E falando em crises o filme observa que Spears pediu publicamente que seu pai fosse definitivamente afastado de seu papel como tutor, e mostra clipes de seus fãs no movimento #FreeBritney, exigindo que os tribunais atendam aos desejos da cantora. Pouco depois do documentário ter ido ao ar, um juiz rejeitou as objeções de Jamie Spears em relação ao acordo de cotutela, talvez, pois, ao final da fita a porta continuou entreaberta.

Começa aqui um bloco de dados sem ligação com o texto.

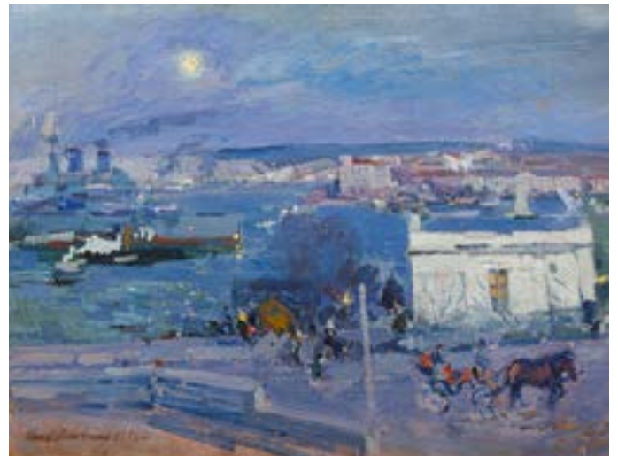
Коровин К. А. Гавань в Севастополе. 1916

мотивы. Многие в творческой биографии Коровина связано с родными местами. Вышний Волочек – места детства, Охотино, где художник построил себе дачу, Удомля и Островно, где художник провел трудные для страны годы гражданской войны и революции. Все эти «русские» места проходят через все творчество художника. Таков пейзаж «Осень. Солнечный день».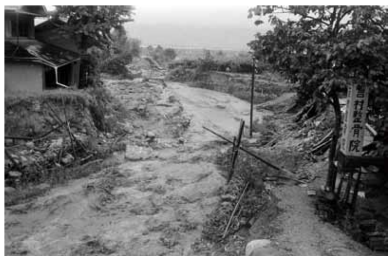
寺沢川の濁流により削られ、浸食してしまった岸

Por mais que o documentário sugere que desde criança Britney queria ser uma grande artista, uma estrela, o quanto isso é um desejo dela ou imposto pelos pais? Quando eu era criança, não importava a dificuldade financeira da família, eu queria ser um Power Ranger.

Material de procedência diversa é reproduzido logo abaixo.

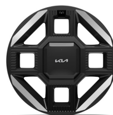
EV2 GT Line 19" aluminiumfälgar 225/45 R 19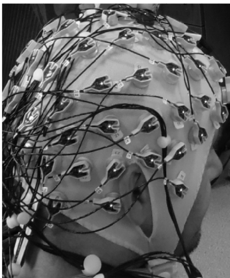
Rys. 2. Czepek z aktywnymi elektrodami EEG

Istnieje wiele metod, których celem jest zrozumienie i interpretacja aktywności bioelektrycznej mózgu. Jednak wśród tych metod badawczych elektroencefalogram (EEG) wyróżnia się najdłuższą historią zastosowań, najniższym kosztem, całkowitą nieinwazyjnością i najwyższą rozdzielczością czasową. Urządzenie EEG rejestruje aktywność elektryczną kory mózgowej. Rejestracji aktywności mózgu dokonuje się przy pomocy specjalnych elektrod przyczepianych za pomocą żelu lub pasty do powierzchni skóry głowy lub za pomocą elektrod przyczepionych do czepka, który następnie zakłada się na głowę osoby badanej (rys. 2).

Traçando o caminho percorrido pela sociedade moderna através da história, a relação estabelecida entre sociedade e modernidade é a mesma entre o professor e a porta entreaberta, entre Britiney, seu pai e os fãs; Ao fim do filme é mostrada uma lista com os nomes das pessoas contactadas para que contribuíssem com o filme, mas que não o fizeram, incluindo a família de Spears e a própria Britney, mas não se sabe ao certo se ela recebeu o pedido ou se apenas declinou do convite, a fita termina explorando a tensão sem dar uma resposta, para que assim a crise permaneça, e se possa vender mais notícias, veja, sendo a modernidade a tragédia do desenvolvimento que permite vislumbrar incríveis horizontes ao mesmo tempo em que cria uma força que desmancha tudo que é sólido no ar, como uma autodestruição inovadora cheia de paradoxos, assim como Britney Spears não sendo uma garota e nem uma mulher ainda, por conta destes paradoxos a modernidade é uma porta entreaberta a ser analisada para que possamos ser agentes transformadores da nossa própria sociedade, ativos e críticos dentro da própria história para quando olharmos para a modernidade, possamos abri-la ou fechá-la definitivamente.

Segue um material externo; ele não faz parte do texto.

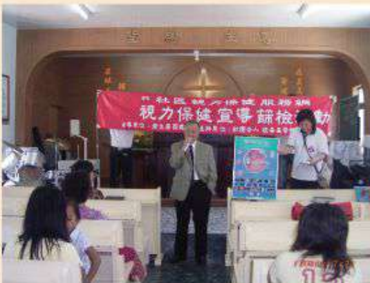
進入部落為民衆作視力保健宣導

Assim como a modernidade o atual momento de Britney Spears é uma porta entreaberta e como fã, que se apaixonou pela diva pop ainda no início da adolescência ao assisti-la no programa ClipMania de Sabrina Parlatore, espero vê-la mais forte do que ontem e sem nada em seu caminho, torço para que em breve Britney possa enfim estar livre para fechar ou abrir esta porta e dar um basta nessa história.